Although ‘Loaded’ and ‘Come Together’ had been hits in 1990, the two follow-up singles (‘Higher Than The Sun’ and ‘Don’t Fight It, Feel It’) didn’t exactly worry the Top 10. The music press hadn’t forgotten the Scream’s paisley period, which journos unmercifully ripped the piss out of them for and ‘Loaded’ was, for the most part, considered the work of Andrew Weatherall, rather than the band themselves. The reality was that the first two Primal Scream long-players were mediocre retro-fixated fare and Andrew Weatherall had transformed a pedestrian tune from one of those records into a sublime wonder. ‘Loaded’ was the group’s new calling card – brash, hedonistic, euphoric. Few believed that they could pull off a whole album of this quality.

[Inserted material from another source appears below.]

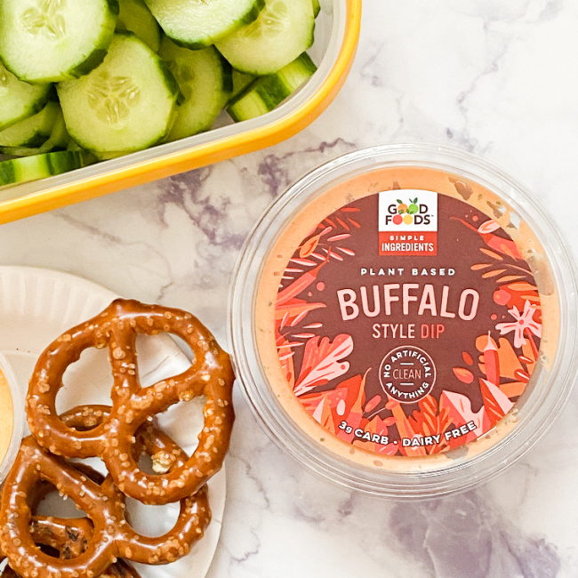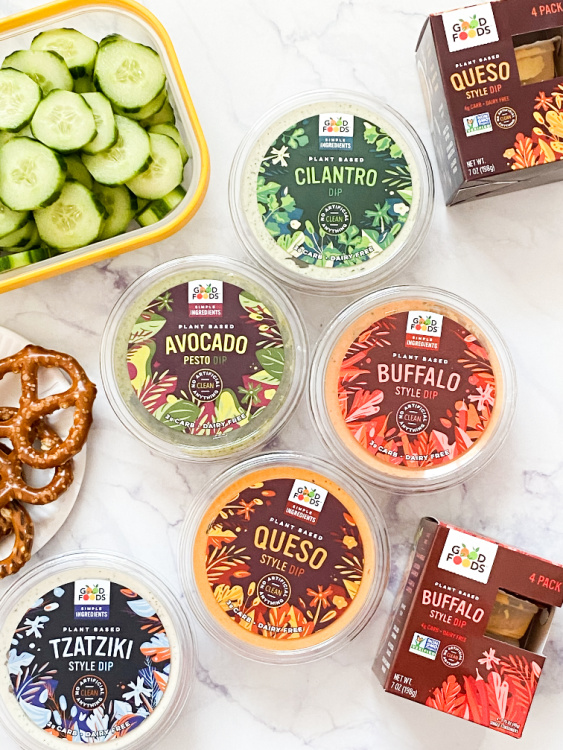 Now for convenience… I am loving the Good Foods Plant-Based Dip 4 Packs which are perfect for on the go. I toss these into my husbands lunch bag and he enjoys it with his pretzels or celery and carrot sticks. I received the Queso plant-based 4 pack and the Buffalo plant-based 4 pack.

Once Screamadelica finally hit the shelves, few could argue with the genius which lay within its grooves. In theory, it shouldn’t work. Acid house, rock ‘n’ roll, dub, ambient and psychedelia are all thrown together into one giant aural stew. But every track on the album is vital, in both senses of the word. Many dance records have been described as bringing a listener on a journey but Screamadelica is one of the first for which the description is apt. The album builds during the first three tracks, moving from the Stonesy gospel swagger of ‘Movin’ On Up’ into their cover of The 13th Floor Elevators, ‘Slip Inside This House’, which meshes sitar swirls with Italo-house pianos. From there, they drag you on to the dancefloor for ‘Don’t Fight It, Feel It’. The sublime bliss of ‘Higher Than The Sun’ and ‘Inner Flight’ give the listener a breather – ten minutes in the chill-out room, if you will. The double-whammy rapture of ‘Loaded’ and ‘’Come Together’ follow, providing the listener with the musical equivalent of a bundle of happiness. From here on in the pace slows down, allowing the partaker a chance to wind down.

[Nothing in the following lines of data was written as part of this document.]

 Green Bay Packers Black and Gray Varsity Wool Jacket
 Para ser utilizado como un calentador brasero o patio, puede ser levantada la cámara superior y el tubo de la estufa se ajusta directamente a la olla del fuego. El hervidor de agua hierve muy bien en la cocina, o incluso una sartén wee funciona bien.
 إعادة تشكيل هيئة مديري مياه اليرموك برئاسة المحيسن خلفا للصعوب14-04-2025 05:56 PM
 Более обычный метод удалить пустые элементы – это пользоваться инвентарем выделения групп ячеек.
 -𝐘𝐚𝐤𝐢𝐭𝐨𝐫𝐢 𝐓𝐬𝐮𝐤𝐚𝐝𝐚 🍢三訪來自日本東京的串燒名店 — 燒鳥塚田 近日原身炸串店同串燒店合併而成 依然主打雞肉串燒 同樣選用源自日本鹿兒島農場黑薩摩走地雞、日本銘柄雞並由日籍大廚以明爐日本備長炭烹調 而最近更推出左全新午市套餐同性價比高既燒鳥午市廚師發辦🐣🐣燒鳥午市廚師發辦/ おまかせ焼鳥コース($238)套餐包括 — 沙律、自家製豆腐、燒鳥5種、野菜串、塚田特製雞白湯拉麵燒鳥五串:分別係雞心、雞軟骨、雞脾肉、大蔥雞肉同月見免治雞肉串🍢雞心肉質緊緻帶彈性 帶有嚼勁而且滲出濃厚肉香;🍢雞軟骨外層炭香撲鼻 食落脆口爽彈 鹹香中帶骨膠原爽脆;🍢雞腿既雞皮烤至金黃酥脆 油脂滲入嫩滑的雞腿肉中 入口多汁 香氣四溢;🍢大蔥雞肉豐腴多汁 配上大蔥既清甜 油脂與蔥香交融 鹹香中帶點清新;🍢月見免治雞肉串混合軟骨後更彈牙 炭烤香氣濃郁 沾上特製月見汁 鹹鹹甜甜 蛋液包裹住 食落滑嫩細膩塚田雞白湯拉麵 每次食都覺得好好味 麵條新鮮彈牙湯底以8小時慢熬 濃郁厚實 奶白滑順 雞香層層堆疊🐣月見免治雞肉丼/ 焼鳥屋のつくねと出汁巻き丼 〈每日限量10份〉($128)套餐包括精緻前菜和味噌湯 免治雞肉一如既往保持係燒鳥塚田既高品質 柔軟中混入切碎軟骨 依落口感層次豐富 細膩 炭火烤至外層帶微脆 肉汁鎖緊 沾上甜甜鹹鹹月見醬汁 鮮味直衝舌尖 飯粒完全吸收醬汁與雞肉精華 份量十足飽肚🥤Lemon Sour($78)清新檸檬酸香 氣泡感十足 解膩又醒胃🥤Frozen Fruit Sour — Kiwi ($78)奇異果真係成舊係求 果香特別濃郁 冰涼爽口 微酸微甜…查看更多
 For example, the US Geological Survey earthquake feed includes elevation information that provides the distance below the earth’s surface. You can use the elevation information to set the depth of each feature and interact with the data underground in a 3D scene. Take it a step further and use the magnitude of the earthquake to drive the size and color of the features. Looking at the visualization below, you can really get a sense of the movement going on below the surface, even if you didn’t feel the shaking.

For many people, the questions they will have in approaching this remastered edition of Screamadelica will be:
Does the album still stand up? Most certainly. Yeah, the album features drum loops and piano sounds redolent of the early ’90s but then it was recorded in that era. That doesn’t mean it has dated.

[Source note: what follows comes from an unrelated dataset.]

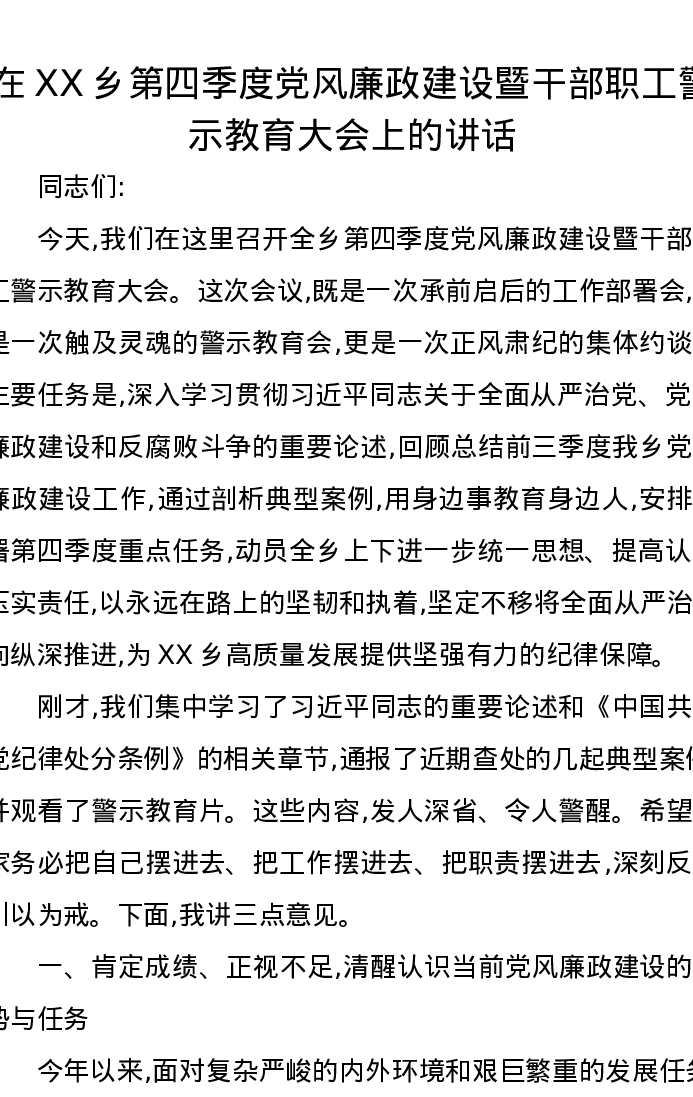 在XX乡第四季度党风廉政建设暨干部职工警示教育大会上的讲话

What’s the bonus material like? Well, if you have a wedge-load of cash, the deluxe box set looks fairly exhaustive and only seems to be missing a Screamdelica smiley sun-face frisbee. But the 2-cd version only features four tracks on the second cd (the Dixie Narco EP), one of which is already on the first cd. Of these, the real gem is the laid-back ten-minuter, ‘Screamadelica’ (confusingly enough, not on the original album of the same name). Disappointingly, none of the (often mighty) remixes have been included on the second cd of the standard reissued release.
Should I buy this? If you don’t own a copy or have lost it, then go out quicksmart and purchase one. Otherwise, your original should do you.
Is ‘Higher Than The Sun’ the best song ever? Pretty much, yeah. And it’s here twice. Once with Jah Wobble. How awesome is that?